In the N400 ERP component, we found, however, an effect of type of “word” showing that easy “words” elicited larger amplitudes as compared to hard “words” (see Figure 4), which might suggest facilitated access to these specific words’ representations in memory and/or more successful integration of those representations in higher-order language structures (for a review see Lau et al., 2008). The present study is one of the first reporting electrophysiological evidence that word-like units characterized by higher TPs become more easily extracted than units with lower TPs in the context of a continuous, structured speech stream. Also, it corroborates the idea that electrophysiological responses can reflect the brain’s ability to compute TPs and that they can be reliably used to track the online assimilation of statistical regularities embedded in the input. Since the N400 is sensitive to the frequency of occurrence of units and their degree of contextual predictability (e.g., Lau et al., 2008), this finding also shows our capacity to disentangle highly predictable from low predictable sequences, even in the absence of other cues (e.g., stressed syllables, pauses). However, this electrophysiological effect of the type of nonsense word contrasts with the absence of significant differences in the behavioral indices of recognition of easy vs. hard “words” in the explicit assessment of SL. On one hand, this evidence indicates that behavioral measures of SL, as obtained from the 2-AFC task, might not inform on the nature and extent of the cognitive processes underlying SL. Even though our results showed that the average performance level of recognition is close to the score of the low learners in Abla et al. (2008; 58.62%), our results did show significant N400 differences.

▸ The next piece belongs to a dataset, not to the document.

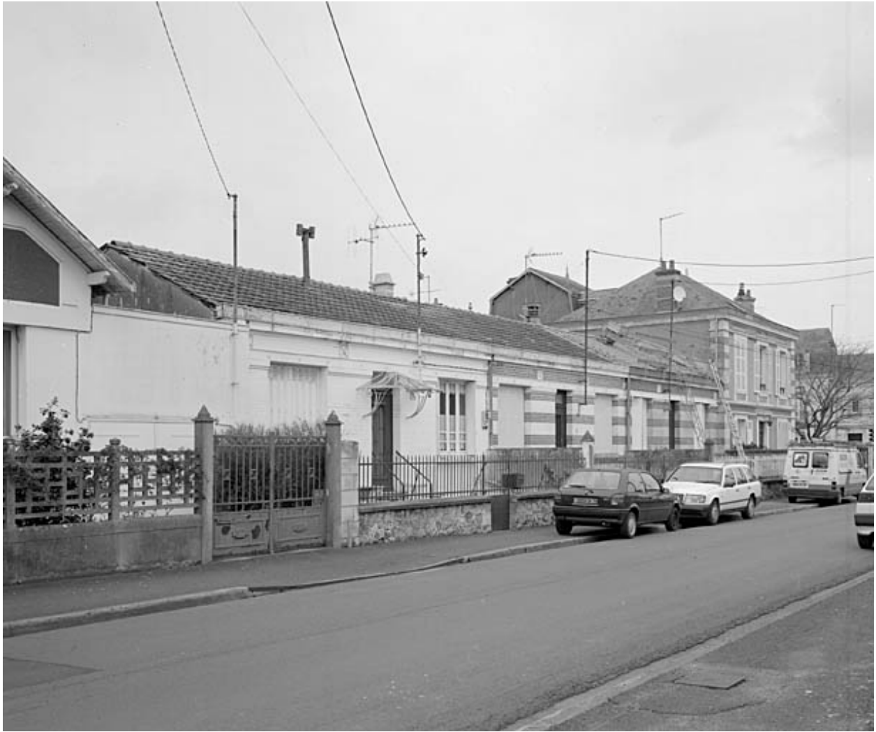
Logement patronal et logements d'ouvriers de la rue Baujet (côté ouest).

On the other hand, this shows that the capacity to decode word-like units from a continuous auditory input, and the capacity to explicitly retrieve these units from long-term memory, may represent two interrelated but distinct processes. The divergent results between the indirect (i.e., online ERP responses) and direct (i.e., offline, behavioral responses) measures of SL might also indicate that the two measures might tap into different neurocognitive processes, and highlight the advantage of combining both approaches in SL research.

The fact that the N400 effect was independent of the learning conditions did not support our hypotheses. This result seems to suggest that the emergence of a pre-lexical trace of words’ representation in the brain based on the extraction of TPs is reached regardless of conscious processes (i.e., the fact that participants have or not prior knowledge about the to-be-learned regularities). Furthermore, we did not observe a significant effect of the block (or any interaction with it), which contradicts the results of Abla et al. (2008). As discussed above, a short exposure time would be a limitation of our design, so a possible block effect could be hindered by a short number of repetitions during the familiarization phase, leading to weak statistical effects. Nonetheless, and together with the N100 results, we could consider an alternative explanation based on the assumption that implicit and explicit instructions lead to word segmentation but relying on different mechanisms (see Daltrozzo and Conway, 2014). Under that hypothesis, larger N400 amplitudes would index the result of the word segmentation process (by tracking the implicit statistical probabilities embedded in the input stream), but without being sensitive to these implicit/explicit mechanisms in which the process is based on. Again, the conclusion of whether N400 effects are sensitive to the learning mechanisms and their temporal courses is precluded by the short familiarization phases.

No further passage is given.